In 2017 Nidecker bought American binding specialist Flow. In 2018, they bought the brand Rome.

History 

Nidecker was started by Swiss entrepreneur Henri Nidecker in 1887. The company began as an agricultural equipment maker for Swiss farmers on the shores of Lake Geneva. Henri I was trained as carpenter and became a specialist in the "art of bending wood"  after purchasing the first electric motor in the region built for this purpose. 

It wasn't until 1912 however, that Nidecker began producing skis after Henri I's son, Henri II built produced their first pairs from ash.
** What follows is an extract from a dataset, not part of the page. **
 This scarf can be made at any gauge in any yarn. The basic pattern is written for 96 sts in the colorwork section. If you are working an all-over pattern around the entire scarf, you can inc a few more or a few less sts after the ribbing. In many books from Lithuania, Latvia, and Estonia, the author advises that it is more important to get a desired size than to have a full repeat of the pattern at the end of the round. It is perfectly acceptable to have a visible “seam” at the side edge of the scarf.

By the 1940s Nidecker was well established in the production of skis and in 1946 Henri III created the world's first composite wood skis combing ash and hickory. 
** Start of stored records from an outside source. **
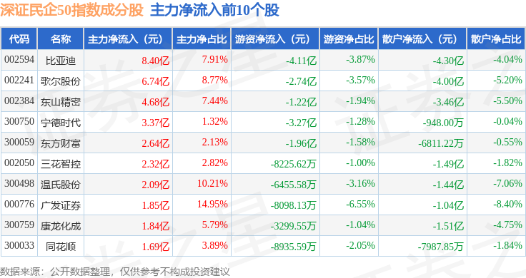 资金流向方面,深证民企50(970057)指数成份股当日主力资金净流出合计29.24亿元,游资资金净流入合计7.4亿元,散户资金净流入合计21.84亿元。成份股资金流向详情见下表: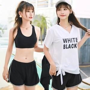 Vネック モノクロ ロゴ サイドリボン 個性的 送料無料 レディース ショートパンツ 半袖 Tシャツ ビキニ 3点セット セットアップ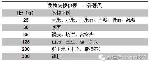 注:一个主食类食物交换份可产生376kJ(90kcal)能量,其中含有糖类20g,蛋白质2g,脂肪0.5g。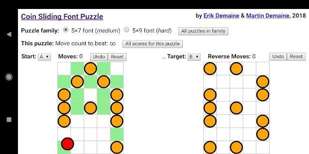 2664 font yang teka-teki koin-geser! teka-teki ini didasarkan pada dua font, masing-masing dengan 37 karakter (huruf, angka, dan garis miring). Untuk setiap pasangan karakter (katakanlah, A dan B), tujuannya adalah untuk menata kembali karakter pertama (A) ke dalam kedua (B) oleh urutan bergerak. Masing-masing bergerak mengambil satu koin dan menempatkannya dalam sebuah sel grid kosong yang berdekatan dengan setidaknya dua koin lainnya ( “2-adjacency” aturan). Selain memecahkan teka-teki, tujuannya adalah untuk meminimalkan jumlah bergerak.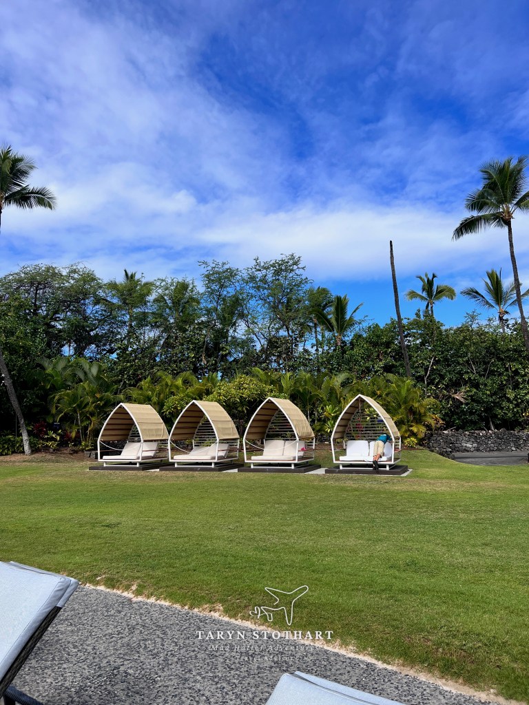 I did some searching before the cruise. We wanted a beach day, but didn’t want to have to travel far in case my mom needed to go back to the ship. I found a cabana right at the end of the dock at Courtyard by Marriott King Kamehameha’s Kona Beach Hotel. It was $200.00 for a cabana from 8:00 a.m.-5:00 p.m. I could pick exactly which cabana I wanted and I booked directly on their website.

Nidecker continued producing skis and in 1962 became one of the first companies to manufacture skis built with metal and fiberglass.  In 1977, under the leadership of Henri IV, Nidecker won a gold medal at the 6th International Ski Show in Geneva for their new ski skin system called the Varai-Clix. 

In 1984, Nidecker joined the snowboard market releasing their first series of 50 snowboards. They then increased their manufacturing output to 700 snowboards in 1985.
In 2008 the Nidecker Group was formed by Cédric, Henry, and Xavier Nidecker, the three sons of Henri IV. Henry Nidecker became CEO of the company. In 2009, in collaboration with Romain de Marchi, JP Solberg, and David Carrier Porcheron (DCP), Nidecker launched YES. The following year, in 2010, Nidecker partnered with professional snowboarder Jeremy Jones to launch Jones Snowboards. In the same year YES. won EuroSIMA's Breakthrough Brand Award. 

In 2012 Nidecker launched NOW bindings in partnership with former professional snowboarder JF Pelchat. Following on from their previous success in 2017 Nidecker acquired the binding and boot manufacturer Flow. 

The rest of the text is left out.